If you are non-Caucasian and do not have access to a family member donor, you have avery low likelihood of finding a match in the public database. For example, published data indicate that a black patient in the U.S. has less than a 20% chance of finding a math from the public database. If a patient cannot find an appropriate donor, they will, unfortunately, succumb to their cancer.

Omidubicel has a less stringent matching criteria for patients and moreover, we demonstrated our ability to match racially and ethnically diverse patients in our Phase 3 study as 40% of the patients in our study were non-Caucasian. As Julian mentioned, we anticipate that if approved, these two opportunities combined may result in Omidubicel capturing approximately 20% to 25% of the addressable market once we reach peak market share. So if approved, this will equate to approximately 2,000 to 2,500 patients treated each year in the U.S. with Omidubicel.

We understand the importance of educating both the transplant centers and payers. With regards to reaching transplant centers in the U.S., we have an optimized and targeted approach as the transplant centers that perform allogeneic stem cell transplants are extremely concentrated. For reference in the U.S., there are approximately 200 transplant centers that perform allogeneic stem cell transplants, 70 of those centers conduct approximately 80% of the transplant. Our medical affairs colleagues have been actively engaged with transplant centers and the feedback on our clinical data supports the positive feedback we have heard in our blinded market in sites.

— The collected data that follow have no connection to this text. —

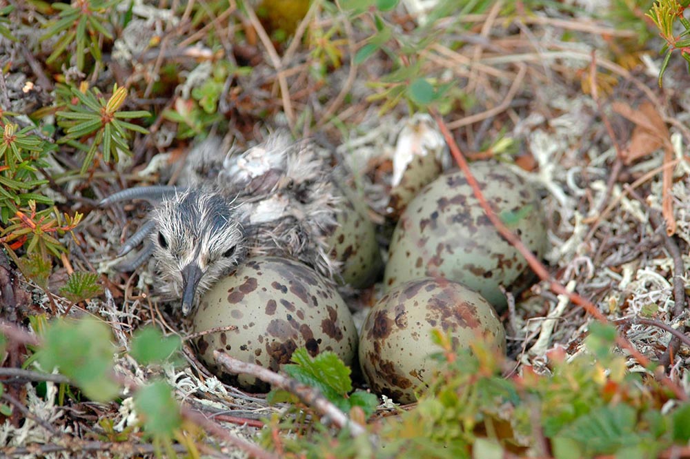 WhimbrelThe male whimbrel flies in circles over the breeding territory and sings as he tries to attract a mate. The female lays 3-5 eggs in a depression on the ground that is lined with moss, grass and lichen. Both parents incubate the eggs. Incubation takes 27-28 days. The chicks leave the nest and feed themselves shortly after they are born. Both parents care for the chicks until they fledge 34-42 days after hatching.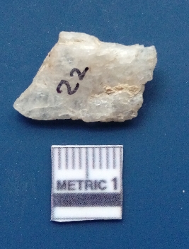 | Description / विवरण | The quartz flake has sharp flaked edges and pointed ends as a result of flaking. The piece is semi-transparent in nature with irregular fracture pattern. The piece is roughly triangular in shape and has a prominent bulb of percussion. |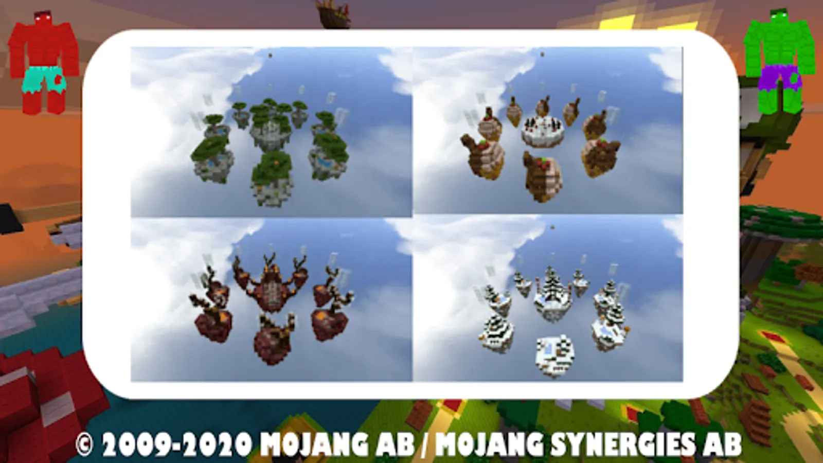 This is a classic map of skywars, you can play with 2 or up to 8 players, it includes 8 different scenarios to play.

Turning to payers, our conversations with these groups are progressing. Our payer team has been actively engaged with payers at the national and regional level. We will be proactively reaching out to payers who cover at least 90% of the lives in the U.S. We continue to hear consistent feedback on the overall value proposition of Omidubicel, including the strength of the clinical data and the health economic data we have published to date.

Hospitalization represents the majority of charges associated with transplant, so our reduction in healthcare resource utilization in terms of reduced days in the hospital and reduce days in the ICU are very important components of the Omidubicel value proposition. In addition, we saw a reduction in the number of transfusion and consultant visits. These reductions in healthcare resources are very meaningful to the payer, transplant center, and most importantly, the patients. We are excited to continue to hear positive feedback across all stakeholders and are extremely encouraged and driven by the potential of Omidubicel.

We are equally encouraged with the advancement of our GDA-201 program in lymphoma. The lymphoma is the largest patient population of all the blood cancers with a global incidence of over 600,000 patients. There are approximately40,000 patients with relapsed/refractory lymphoma in the U.S. and EU, which is the patient population that will be studied in the GDA-201 Phase 1/2 clinical trial.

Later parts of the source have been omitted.